The Hori River (堀川, Hori-kawa) flows north to south through Nagoya, Aichi Prefecture, Japan, and is part of the Shōnai River system. It is 16.2km long. The name translated means "moat river", from its connection to Nagoya Castle's moats.

==History==
The river is a man-made canal excavated in 1610 during the construction of Nagoya Castle by order of Fukushima Masanori to allow ships to bring goods to the city. The river has influenced the lives of citizens so much that it is traditionally called "Mother River". One of the traditional merchant streets at the canal that leads from the castle is Shikemichi. One of the merchant neighbourhoods was Funairi-chō, located south of the castle.

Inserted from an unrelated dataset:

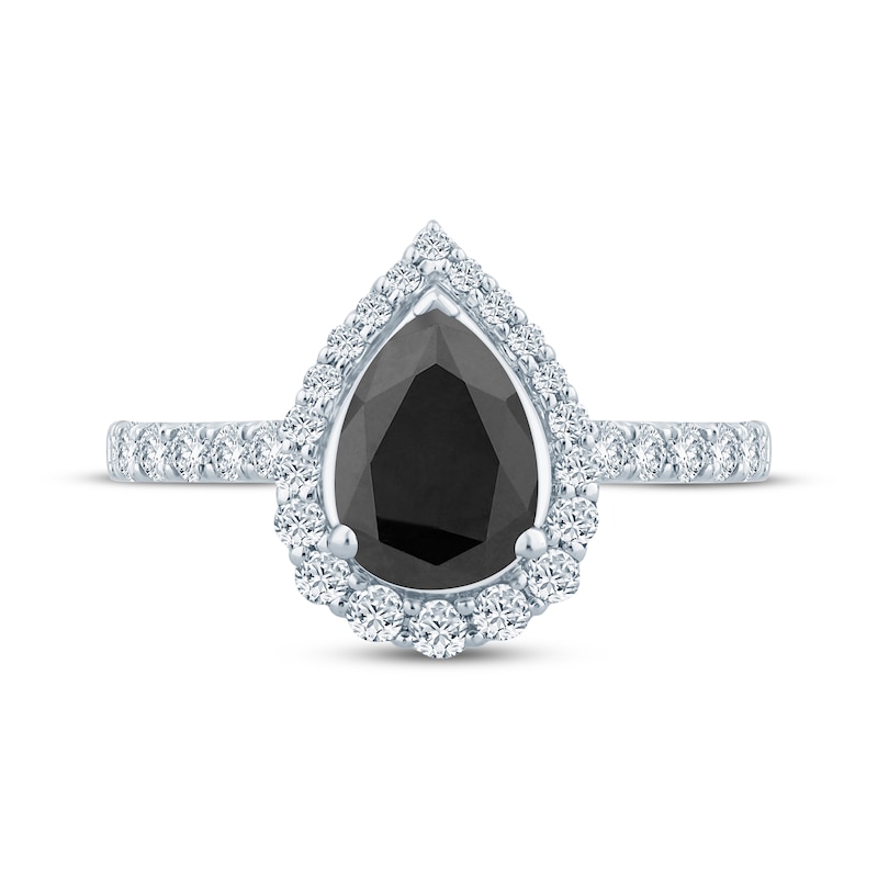Pear-Shaped Black Diamond & Round-Cut White Diamond Engagement Ring 1-1/2 ct tw White Gold Plated

In modern times, pollution has slowly damaged the water quality until the 1960s, where it peaked. Recently, citizens began collecting signatures to initiate the Horikawa River 1000-Citizen Survey Network. In September 2003, this proposal was officially adopted.

The Horikawa Lions Club and others set out to recruit 1,000 citizens. However, during the two-month application period, they exceeded expectations, receiving applications from 217 individual groups and 2,007 citizens in total.

With the help of these volunteers, the Nagoya City Council carried out experiments aimed at clarification of the river. These included the advance treatment at the Meijo Sewage Treatment Plant, diverting water from Nabeya-Ueno Water Clarification plant and the transmission of underground water.

A measurable change in the quality of the water occurred. In addition, on February 13, 2007, Nagoya City announced the start of a new three-year experiment, transmitting the raw water from the Kiso River to the Horikawa River. This represented a major step in fulfilling the citizens' dreams.